This figure illustrates the architecture of the proposed uC 3DU-Net. It is a 3D U-Net based model. The encoder consists of five stages, each with a downsampling block (max-pooling + two 3D convolutions). Stages 1-3 use a modified skip connection called ‘U-shaped Connection’ (uC) which leverages a simplified 2D U-Net to extract axial-slice plane features. The 5D tensors are reshaped to 4D for processing by uC. The decoder also has five stages with upsampling layers (transposed convolution) and Dual Feature Integration (DFi) blocks to combine 2D and 3D features, effectively adjusting the feature channel depth. The final layer converts to the required number of output classes.

This figure shows the architecture of the proposed uC 3DU-Net. It uses a 3D U-Net as its base, but modifies the skip connections. The skip connections are replaced with the proposed ‘U-shaped Connections’ (uC) which are simplified 2D U-Nets. The figure highlights the five encoding and decoding stages, showing how the 5D tensors are reshaped into 4D tensors for processing by the 2D U-Nets. Finally, a ‘Dual Feature Integration’ (DFi) block is shown which is used to combine the features extracted by the 3D and 2D convolutional layers.

This figure illustrates the architecture of the proposed uC 3DU-Net, which uses a 3D U-Net as its backbone. The encoder consists of five downsampling stages, each with a max-pooling layer and two 3D convolutional layers. The decoder uses five upsampling stages; in stages 1-3, 2D U-Nets (uC) are used to process the axial slice information; a Dual Feature Integration (DFi) module merges the 2D and 3D features to enhance feature extraction; finally, a 1x1 convolutional layer outputs the segmentation results.

This figure shows the architecture of the proposed uC 3DU-Net. It uses a 3D U-Net as the backbone and integrates the U-shaped Connection (uC) module in stages 1 to 3. The 5D input tensors are reshaped to 4D before being fed into the 2D uC modules, and a Dual Feature Integration (DFi) module is used in the upsampling layers to combine 2D and 3D features.

This figure illustrates the architecture of the proposed uC 3DU-Net model. It uses a 3D U-Net as its base, but modifies the skip connections with a simplified 2D U-Net (called uC). The figure highlights the five encoding and decoding stages. In the encoding stages, max-pooling and 3D convolutions reduce spatial dimensions and increase channel depth. In stages 1-3, the input 5D tensors are converted to 4D tensors to allow for processing by the 2D uC. The decoding stages use transposed convolutions to upsample, and DFi blocks to effectively adjust the channel depth. The model combines 2D and 3D features to improve segmentation performance.

This figure provides a detailed illustration of the uC 3DU-Net architecture, which is a modified 3D U-Net that integrates a simplified 2D U-Net (the U-shaped connection, or uC) into its skip connections.
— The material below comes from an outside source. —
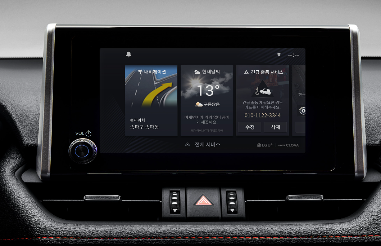 - 통신형 내비게이션은 실시간 교통 정보는 물론이고 주유소, 주차장, 과속 카메라 정보 등을 제공하며 OTA를 통해 자동으로 업데이트 됩니다. 네이버 클로바 AI 음성인식 기능은 온도 조절, 내비게이션, 라디오 등의 차량 기능을 음성 명령으로 제어할 수 있고, 스트리밍으로 제공되는 음악, 날씨, 뉴스, 팟캐스트 앱 서비스 등의 실행이 가능합니다.
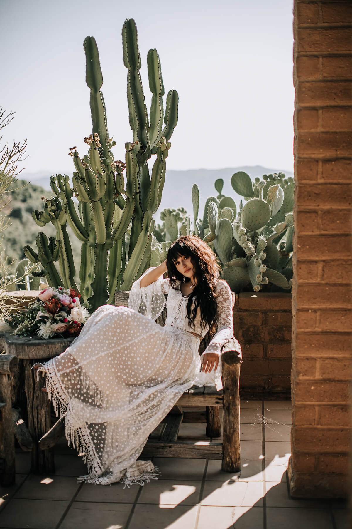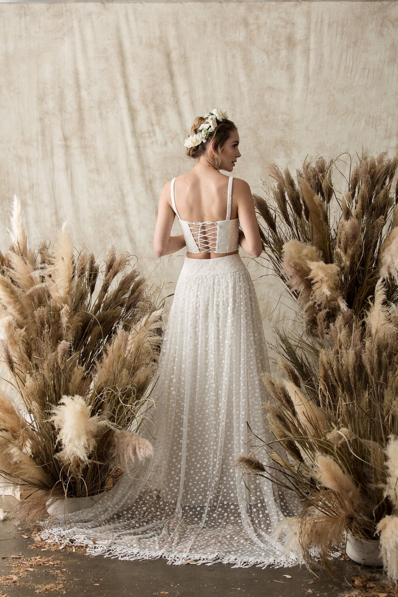 The Ophelia boho wedding dress is a playful tribute to free spirited lovers and comes with a choice of two bodices: one for the warmer months and one for times when their might be a chill in the air…both, of course, bearing a sliver of midriff for good measure. (if you choose, that is) The Ophelia tops can be custom made to not show any midriff. This is for the confident bride who doesn’t need to wear a dress to make a statement on her wedding day. One of our favorite feature of this dress is the whimsical dotted lace. This lace is only available at Dreamers & Lovers.

The figure shows the five encoding and decoding stages. The key innovation is the use of the uC module in stages 1-3, where the input 5D tensors are reshaped to 4D tensors for processing by the 2D U-Net. The DFi block is also highlighted, showing how features from the 2D and 3D parts of the network are combined.
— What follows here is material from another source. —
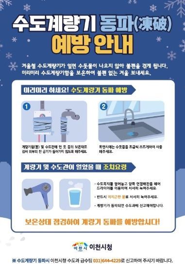 이천시에서는 수도시설의 동파 피해를 줄이기 위해 이장단을 통해 수도계량기 동파를 사전에 대비하도록 적극 당부했고 시민들 또한 각 가정에서 수도계량기 방한을 강화하고 온수를 약하게 틀어 놓거나 보일러를 끄지 않도록 하는 등 자발적인 동파 예방 행동 요령을 실천하도록 강조했다.

This figure shows the qualitative comparison of segmentation results for 3D UX-Net and SegResNet with and without the proposed U-shaped Connection (uC) method. The results are visually presented for different organ classes on the FLARE2021 dataset. The uC method improves the segmentation results by enhancing the extraction of axial-slice plane features. The images have been cropped for improved visual clarity.
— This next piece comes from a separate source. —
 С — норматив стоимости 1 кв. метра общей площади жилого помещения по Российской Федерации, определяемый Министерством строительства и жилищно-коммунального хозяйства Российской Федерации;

This figure illustrates the architecture of the proposed uC 3DU-Net, a modified 3D U-Net that incorporates 2D U-Nets within its skip connections. The figure highlights the five encoding and decoding stages, showing how the 3D convolutional layers are combined with 2D U-Net layers to improve the extraction of features from axial slices. The use of a Dual Feature Integration (DFi) module is also highlighted to effectively merge the 2D and 3D features.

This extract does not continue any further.